Please restate every entry exactly. Leave out the pictures.

Records from a collection:
-*-*-
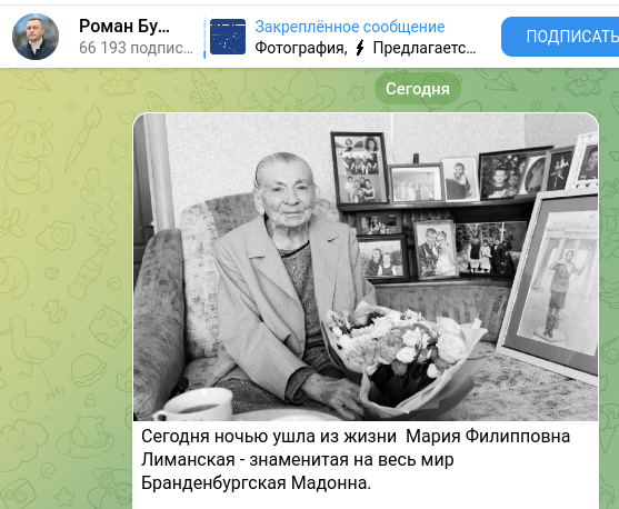Сегодня ночью ушла из жизни Мария Филипповна Лиманская - знаменитая на весь мир Бранденбургская Мадонна,
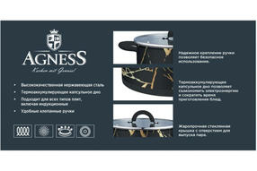 КАСТРЮЛЯ МАКИ 4,6л нерж.сталь AGNESS со стекл. крышкой 22*12см 916-308 Lefard
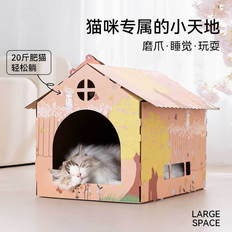 만화 숲 상자 고양이 스크래치 보드 고양이 둥지 스크래치 방지 및 내마모성 골판지 고양이 장난감 및 수면 올인원 애완 동물 용품스토어 가기
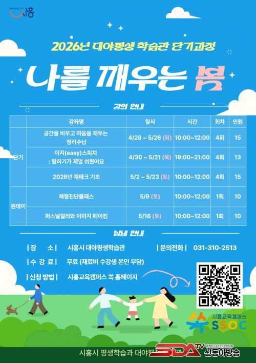 [½Åµ¿¾Æ¹æ¼Û ½ÃÈï½Ã=À̽ŵ¿±âÀÚ] ½ÃÈï½Ã ´ë¾ßÆò»ýÇнÀ°üÀº 4¿ù 6ÀϺÎÅÍ ¡®³ª¸¦ ±ú¿ì´Â º½¡¯À» ÁÖÁ¦·Î ÇÑ 2026³â ´Ü±â°úÁ¤ ¹× ¿øµ¥ÀÌ Å¬·¡½º Æò»ýÇнÀ ÇÁ·Î±×·¥ ¼ö°­»ý ¸ðÁýÀ» ½ÃÀÛÇÑ´Ù.
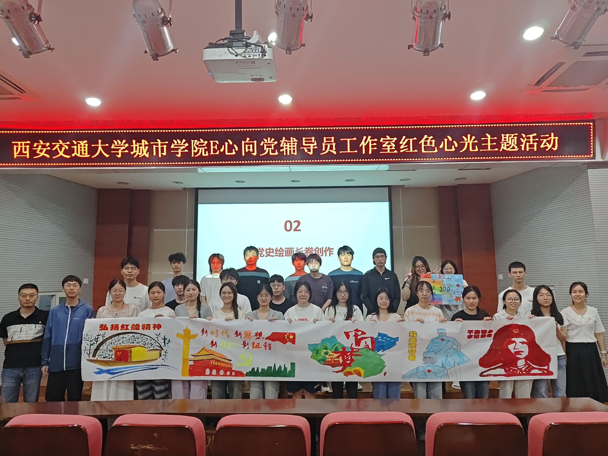 为推动党员深刻感悟红色精神,强化使命担当,2025年6月26日,西安交通大学城市学院E心向党辅导员工作室联合久久精品亚洲教工党支部、久久精品亚洲学生第一党支部举办“七一忆峥嵘,青春续华章”——红色心光主题活动,通过教工支部书记讲党课、学生支部书记讲党课、现场绘画创作、党课学习与庄严宣誓,让党史学习教育走深走实。教工党支部书记张艳肖、组织委员曹小鸽、学生第一党支部书记王姣、宣传委员马佳辰参加活动,活动由王姣主持。
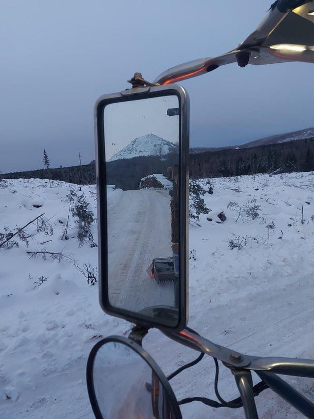 Отражение в зеркале заднего вида идеально вписывается в пейзаж
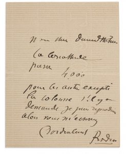 RODIN AUGUSTE (1840 - 1917) - L.A.S., [1897], à Hippolyte DURANDTAHIER ; 1 page in-12.
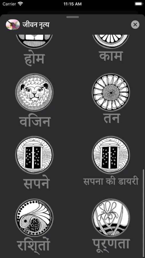 (Hindi Version) These images represent the arenas of your life that you discover in LifeDancing, a method for self-directed well-being.
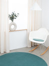 Runde, aquafarbene flache Sitzauflage aus reiner Schurwolle.
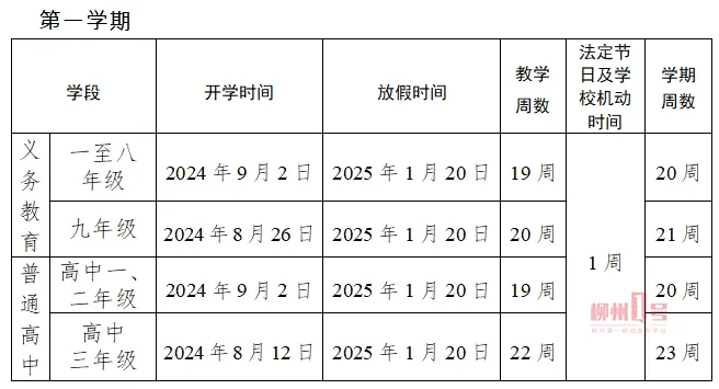 (一)義務教育學校按《廣西壯族自治區(qū)義務教育課程實施辦法(2023年版)》執(zhí)行。一至九年級全學年周數(shù)共39周,其中教學時間37周,學校機動時間2周。
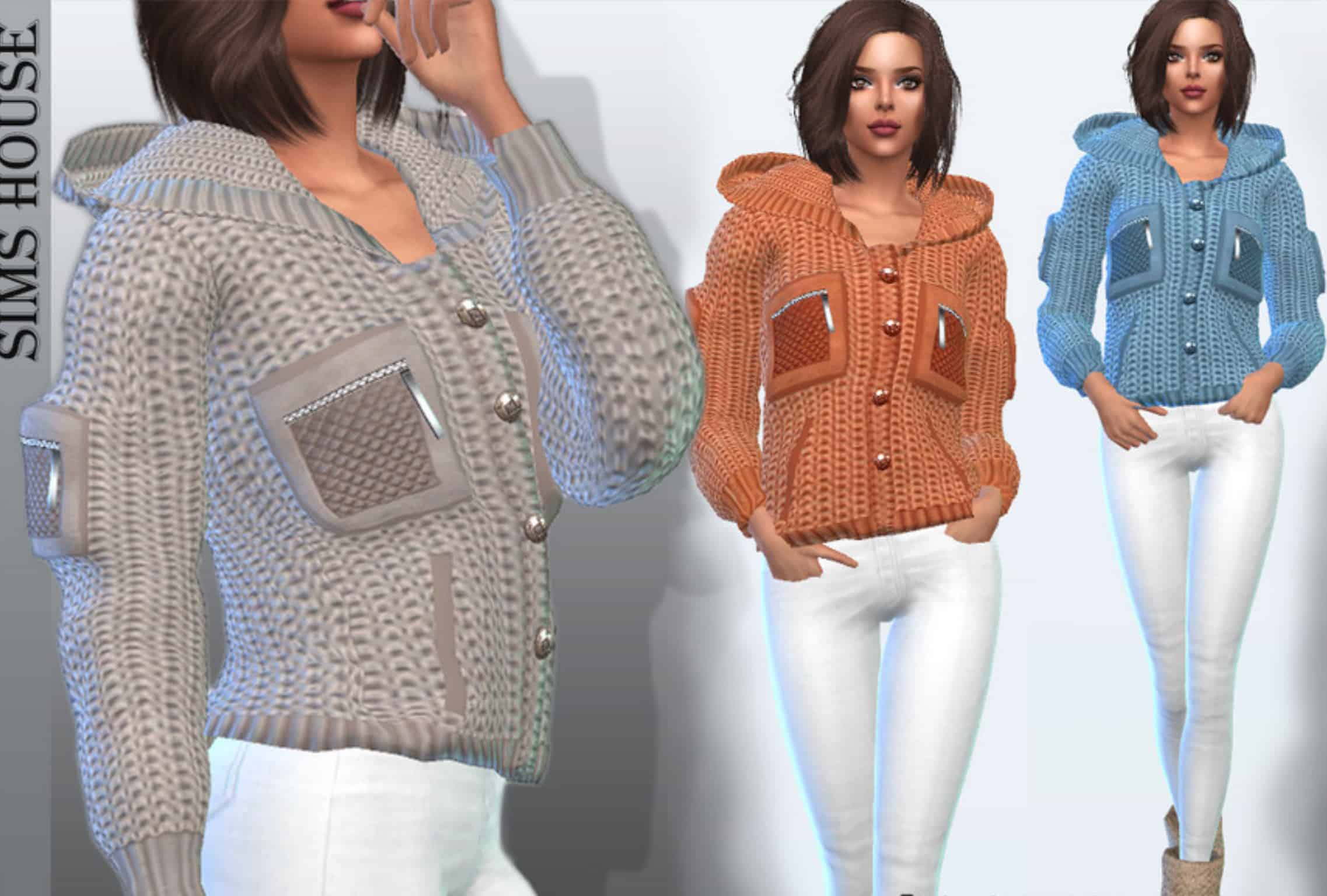 Our database contains only the highest quality Sims 4 mods that meet the most stringent requirements, like Women’s knitted hooded jacket Sims 4 Mod. This guarantees that our visitors have access to the most exclusive and useful files.
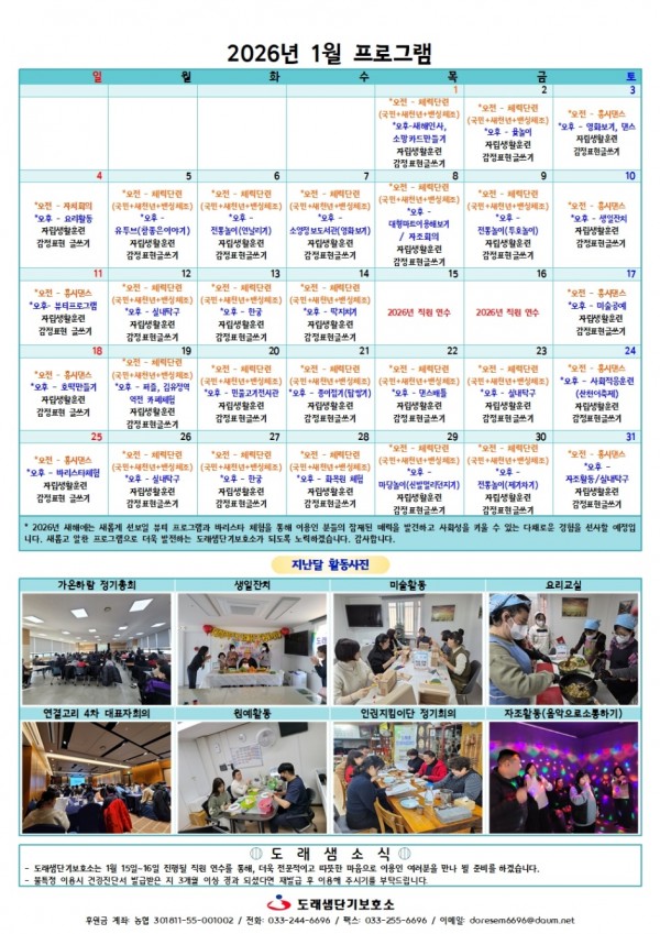 2026년 새해에는 새롭게 선보일 뷰티 프로그램과 바리스타 체험을 통해 이용인 분들의 잠재된 매력을 발견하고 사회성을 키울 수 있는 다채로운 경험을 선사할 예정입니다.
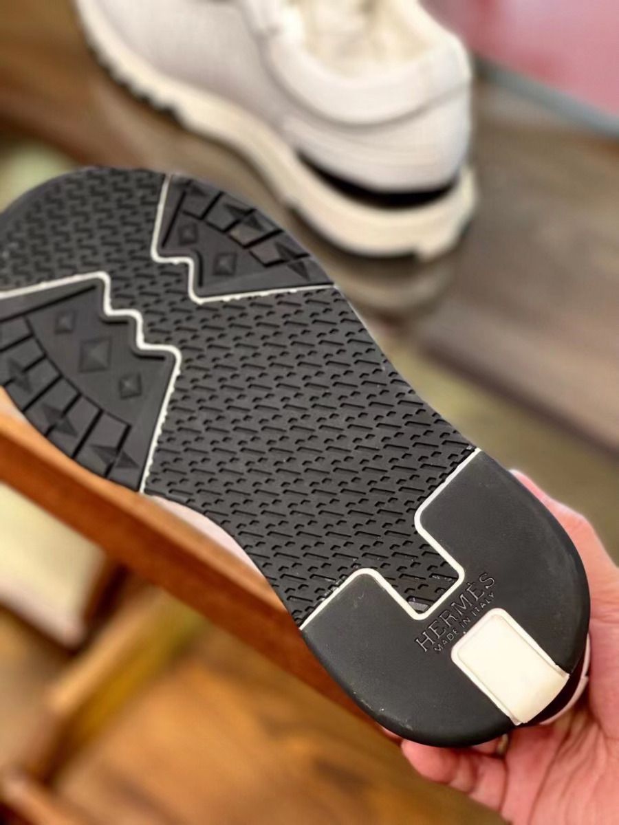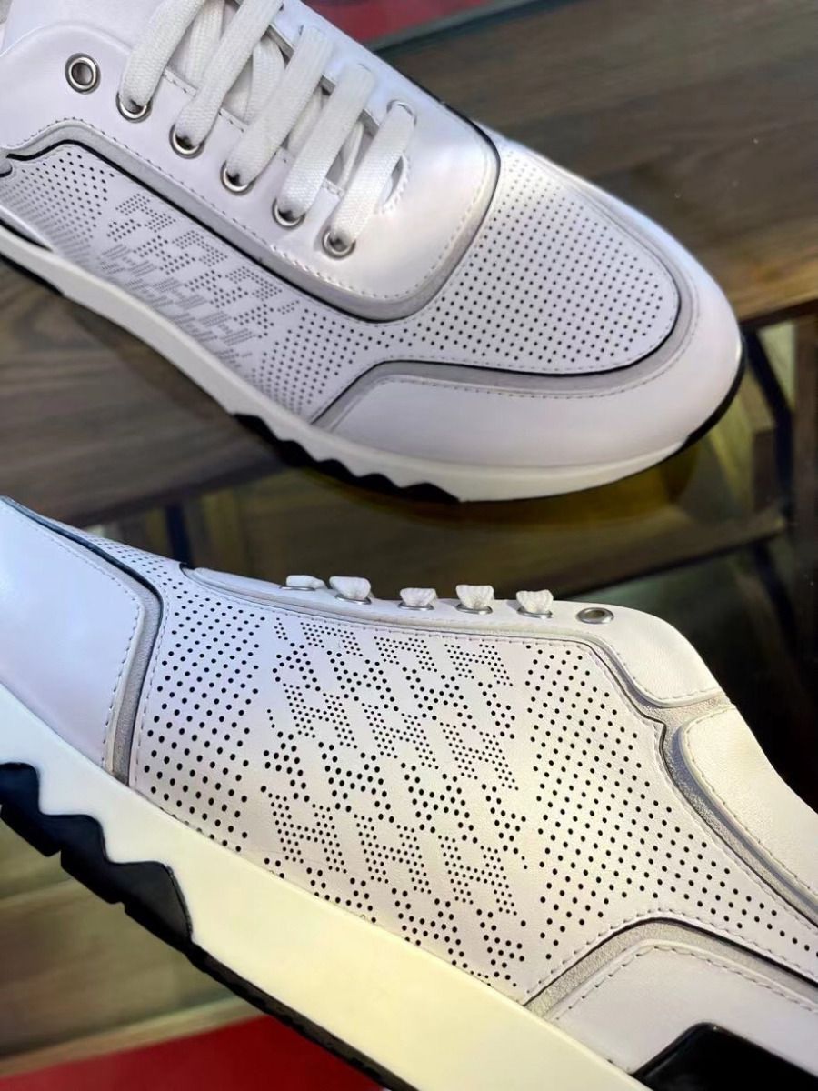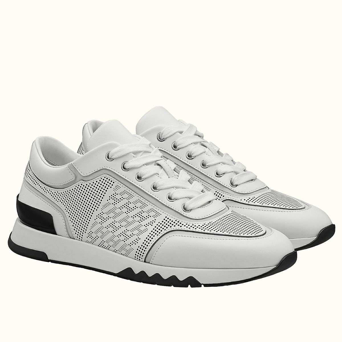 Hermes C-Addict Sneaker in perforated calfskin with “H en Biais” motif. For an elegant and modern look, this pair features black zigzag rubber insert on the front and black rubber insert on the back.
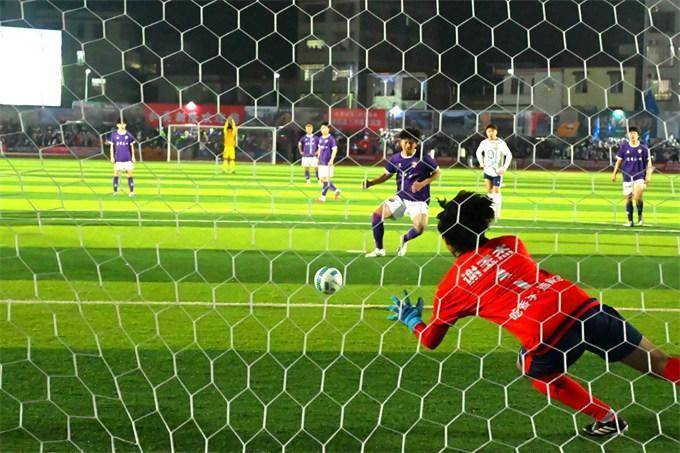 (江永队门将扑向新田队射来的点球。高源鑫摄)
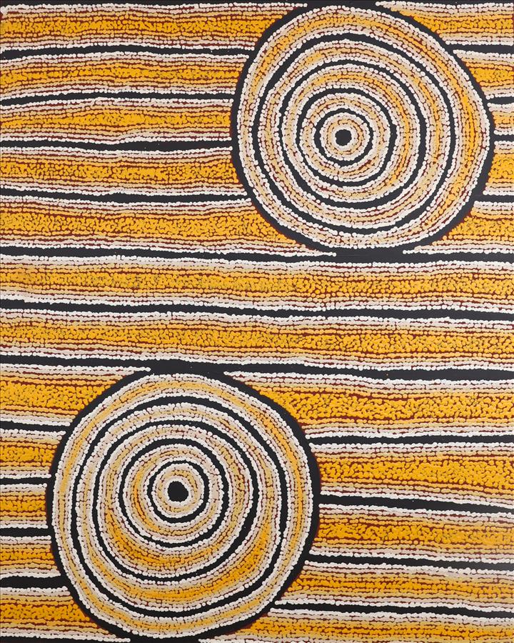 Cindy has painted her Grandmother’s (Eileen Napaltjarri’s) Country on her dad’s side. This painting depicts designs associated with the rockhole and soakage water site of Tjiturrulpa, situated in the rocky hills west of Kintore community.
-*-*-
Task output →
Сегодня ночью ушла из жизни Мария Филипповна Лиманская - знаменитая на весь мир Бранденбургская Мадонна,
 КАСТРЮЛЯ МАКИ 4,6л нерж.сталь AGNESS со стекл. крышкой 22*12см 916-308 Lefard
 만화 숲 상자 고양이 스크래치 보드 고양이 둥지 스크래치 방지 및 내마모성 골판지 고양이 장난감 및 수면 올인원 애완 동물 용품스토어 가기
 [½Åµ¿¾Æ¹æ¼Û ½ÃÈï½Ã=À̽ŵ¿±âÀÚ] ½ÃÈï½Ã ´ë¾ßÆò»ýÇнÀ°üÀº 4¿ù 6ÀϺÎÅÍ ¡®³ª¸¦ ±ú¿ì´Â º½¡¯À» ÁÖÁ¦·Î ÇÑ 2026³â ´Ü±â°úÁ¤ ¹× ¿øµ¥ÀÌ Å¬·¡½º Æò»ýÇнÀ ÇÁ·Î±×·¥ ¼ö°­»ý ¸ðÁýÀ» ½ÃÀÛÇÑ´Ù.
 为推动党员深刻感悟红色精神,强化使命担当,2025年6月26日,西安交通大学城市学院E心向党辅导员工作室联合久久精品亚洲教工党支部、久久精品亚洲学生第一党支部举办“七一忆峥嵘,青春续华章”——红色心光主题活动,通过教工支部书记讲党课、学生支部书记讲党课、现场绘画创作、党课学习与庄严宣誓,让党史学习教育走深走实。教工党支部书记张艳肖、组织委员曹小鸽、学生第一党支部书记王姣、宣传委员马佳辰参加活动,活动由王姣主持。
 Отражение в зеркале заднего вида идеально вписывается в пейзаж
 RODIN AUGUSTE (1840 - 1917) - L.A.S., [1897], à Hippolyte DURANDTAHIER ; 1 page in-12.
 (Hindi Version) These images represent the arenas of your life that you discover in LifeDancing, a method for self-directed well-being.
 Runde, aquafarbene flache Sitzauflage aus reiner Schurwolle.
 (一)義務教育學校按《廣西壯族自治區(qū)義務教育課程實施辦法(2023年版)》執(zhí)行。一至九年級全學年周數(shù)共39周,其中教學時間37周,學校機動時間2周。
 Our database contains only the highest quality Sims 4 mods that meet the most stringent requirements, like Women’s knitted hooded jacket Sims 4 Mod. This guarantees that our visitors have access to the most exclusive and useful files.
 2026년 새해에는 새롭게 선보일 뷰티 프로그램과 바리스타 체험을 통해 이용인 분들의 잠재된 매력을 발견하고 사회성을 키울 수 있는 다채로운 경험을 선사할 예정입니다.
 Hermes C-Addict Sneaker in perforated calfskin with “H en Biais” motif. For an elegant and modern look, this pair features black zigzag rubber insert on the front and black rubber insert on the back.
 (江永队门将扑向新田队射来的点球。高源鑫摄)
 Cindy has painted her Grandmother’s (Eileen Napaltjarri’s) Country on her dad’s side. This painting depicts designs associated with the rockhole and soakage water site of Tjiturrulpa, situated in the rocky hills west of Kintore community.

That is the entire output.